Radio telescopes combine to map far side of our Milky Way Galaxy

Radio telescopes combine to map far side of our Milky Way Galaxy

How do you solve a problem from the inside? Nestled inside the flat disk of the Milky Way, we can’t just point telescopes at it to work out its shape.  Instead, astronomers work out the structure of our Galaxy by calculating distances to other objects within it.

Twilight over radio telescopes at the Karl G. Jansky Very Large Array in New Mexico, which form part of the Very Long Baseline Array. Image credit: NRAO/AUI/NSF

That is not to say that working out the structure of our Galaxy is an easy task. Up until the 1990s, astronomers believed the Milky Way was a spiral galaxy, but today they think that our Galaxy is actually a barred spiral galaxy with four arms at its centre.

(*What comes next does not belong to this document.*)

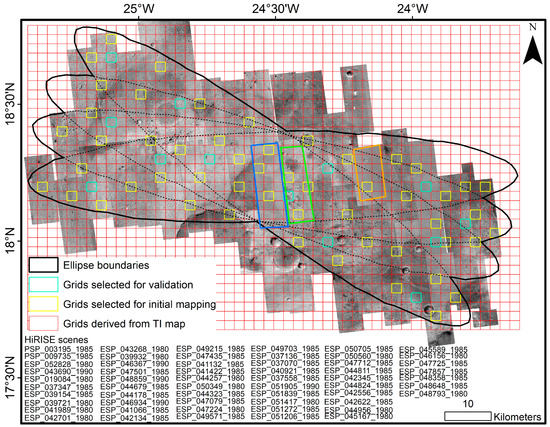 For the purpose of rover surface mobility, it is not the one-off TARs which are significantly dangerous as they can be avoided using even the rover mast cameras. The main problem arises when the rover encounters the contiguous stretches of TARs which can be actually hazardous for the rover mobility. Such closely located TARs are predominant in Oxia Planum. However, in our mapping, we identified and mapped both the singular TARs and the contiguous stretches of TARs in the selected grids. We used “Create Fishnet” tool of ArcGIS software and provided TES TI raster (Figure 1c) as the “template extent” dataset to derive corresponding grids of 2 × 2 km2 dimensions (Figure 2). As mentioned above, our study area is the region within the ellipse boundaries and therefore, to have a representative, balanced analysis of this wide region, we selected 66 grids uniformly distributed throughout the ellipses (Figure 2) and covering a total area of 264 km2 for HiRISE-based TAR mapping. In total, 57 sub-meter resolution HiRISE scenes (Figure 2) were selected to form the composite that covered nearly all of the study area and assisted in TAR mapping. We used the physical account well-described in the literature [5,10,38] to identify TARs in the images. TARs characteristically form in groups of tens to thousands of individual units and can easily be characterized by their small, narrow, and transverse dimensions, and elongated form [10]. Slip faces are typically resolvable only in high-resolution HiRISE images, and the opposite slopes appear to be nearly symmetric [5,10,38].

Now a team of astronomers has used the National Science Foundation’s Very Long Baseline Array (VLBA) to measure the distance to a star-forming region on the opposite side of the Galactic centre from our Sun, a key step towards mapping the Milky Way in more detail.

“This means that, using the VLBA, we now can accurately map the whole extent of our galaxy,” said Alberto Sanna from the Max Planck Institute for Radio Astronomy in Germany.

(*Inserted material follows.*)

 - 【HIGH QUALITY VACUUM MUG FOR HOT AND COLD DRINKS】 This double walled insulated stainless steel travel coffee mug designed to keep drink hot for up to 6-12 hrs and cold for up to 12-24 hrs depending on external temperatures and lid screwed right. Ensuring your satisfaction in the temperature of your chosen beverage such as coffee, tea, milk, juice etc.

Astronomers directly measured the distance to a region on the far side of our Milky Way Galaxy, past the Galaxy’s centre. Image credit: Bill Saxton, NRAO/AUI/NSF; Robert Hurt, NASA.

The team used trigonometric parallax to work out the distance from Earth to the star-forming region. To understand what that means, think about what happens when you put your finger to your nose and close one eye, then the other – your finger appears to change position. If you measured the apparent change in position and the distance between your eyes, you could work out the distance from your nose to your finger using trigonometry.

The same principle applies to measuring considerably larger distances. As the Earth orbits the Sun, distant objects appear to move around in the sky. Astronomers can measure these movements across the sky and calculate the distance between the object and the Earth.

Because these objects are so far away, they hardly appear to change position at all. This is where the VLBA comes in useful. It consists of ten radio telescopes scattered across North America, Hawaii and the Caribbean. This is effectively like having one huge, continent-sized radio telescope better equipped to detect shifts in position.

In reality, those shifts might be many kilometres across, but because they’re very distant, measuring the shifts from Earth is like trying to measure the size of a baseball bat left on the Moon.

The observations, made in 2014 and 2015, suggest that the star-forming region, called G007.47+00.05, is around 66,000 light-years away from Earth. For comparison, the Galactic centre is 27 000 light years away and until now, the largest distance measured using parallax was 36,000 light years, just over half the length of the measurement made with the VLBA.

Parallax technique determines distance by measuring the angle of apparent shift in an object’s position, as seen from opposite sides of Earth’s orbit around the Sun. Image credit: Bill Saxton, NRAO/AUI/NSF; Robert Hurt, NASA.

“Most of the stars and gas in our galaxy are within this newly-measured distance from the Sun. With the VLBA, we now have the capability to measure enough distances to accurately trace the galaxy’s spiral arms and learn their true shapes,” said Sanna.

The measurement is impressively large – but it is still just one measurement. Ultimately astronomers hope to make more and more measurements like this to build up a more detailed picture of the Milky Way’s structure and perhaps even understand what our Galaxy looks like.